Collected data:
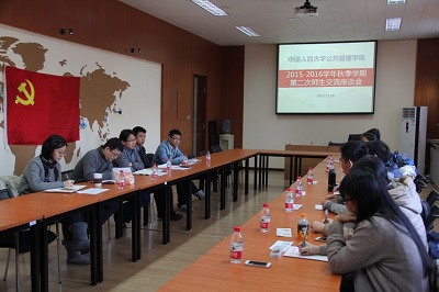 12月18日,学院召开2015-2016学年秋季学期第二次师生交流座谈会,院党委书记李家福、团委书记谷昆鹏、党务秘书陈夏、学生事务秘书刘畅及10名学生党支部书记代表和学生干部代表参加此次座谈会。代表学院党委欢迎各位同学参加此次座谈会,简要介绍了此次座谈会召开的背景和意义。与会的学生党支部书记代表、学生干部代表结合自身经历就学生支部建设、活动开展、信息传递、课程设置等方面分别发言。表示,学院将高度重视同学们的意见和建议,希望同学们在日常生活留心观察、认真思考,继续关心和支持学院的改革和发展。
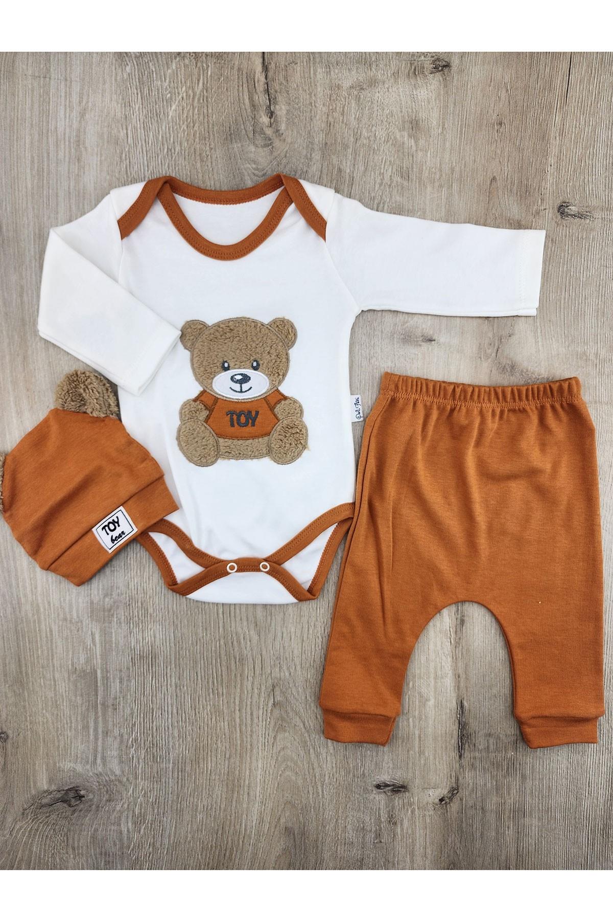 Polifoni (3-9 Ay) 1735 Toy Ayıcık Desenli Şapkalı Çıtçıtlı Badili Takım
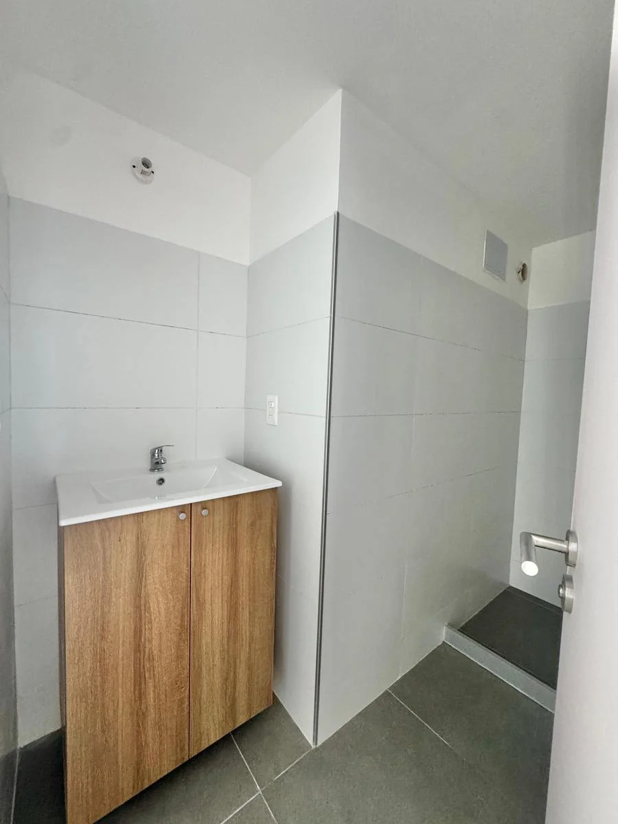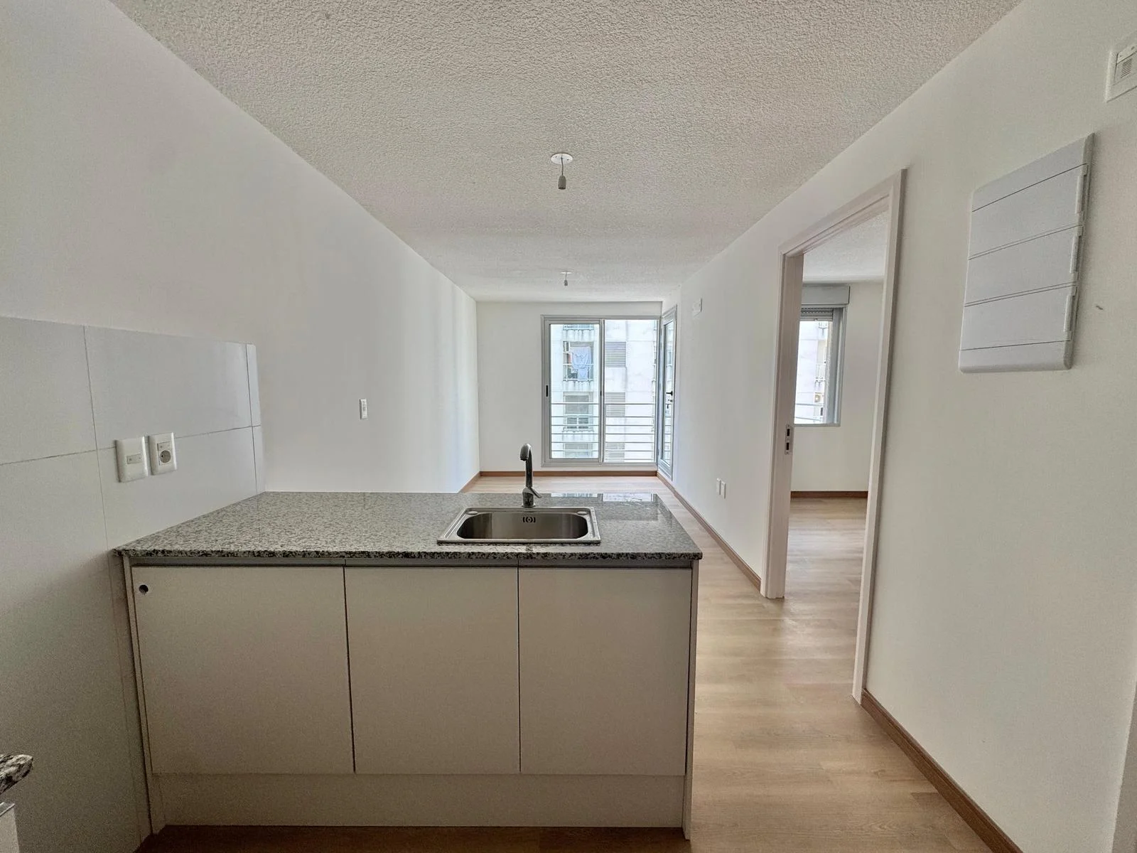 Cuenta con un dormitorio con persiana de enrollar, baño completo con previsión para lavarropas y un cómodo living comedor con cocina integrada, equipada con muebles bajo mesada e isla.
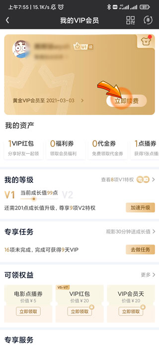 2、然后点击头像下方的“黄金VIP会员”选项。
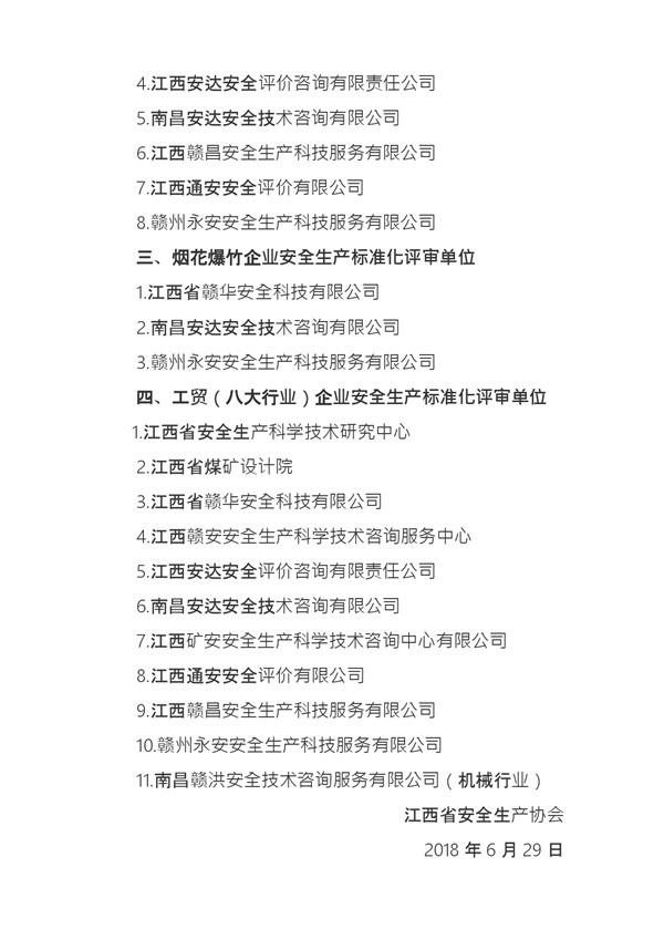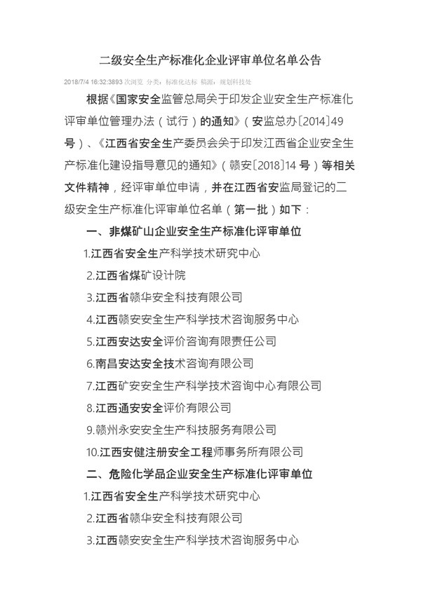 二级安全生产标准化企业评审单位名单公告

= Instructions to follow =
Pictures don't belong in the copy. Retype exactly the lines from the one with "Polifoni (3-9 Ay)" through the last line of the records.

= Answer =
 Polifoni (3-9 Ay) 1735 Toy Ayıcık Desenli Şapkalı Çıtçıtlı Badili Takım
 Cuenta con un dormitorio con persiana de enrollar, baño completo con previsión para lavarropas y un cómodo living comedor con cocina integrada, equipada con muebles bajo mesada e isla.
 2、然后点击头像下方的“黄金VIP会员”选项。
 二级安全生产标准化企业评审单位名单公告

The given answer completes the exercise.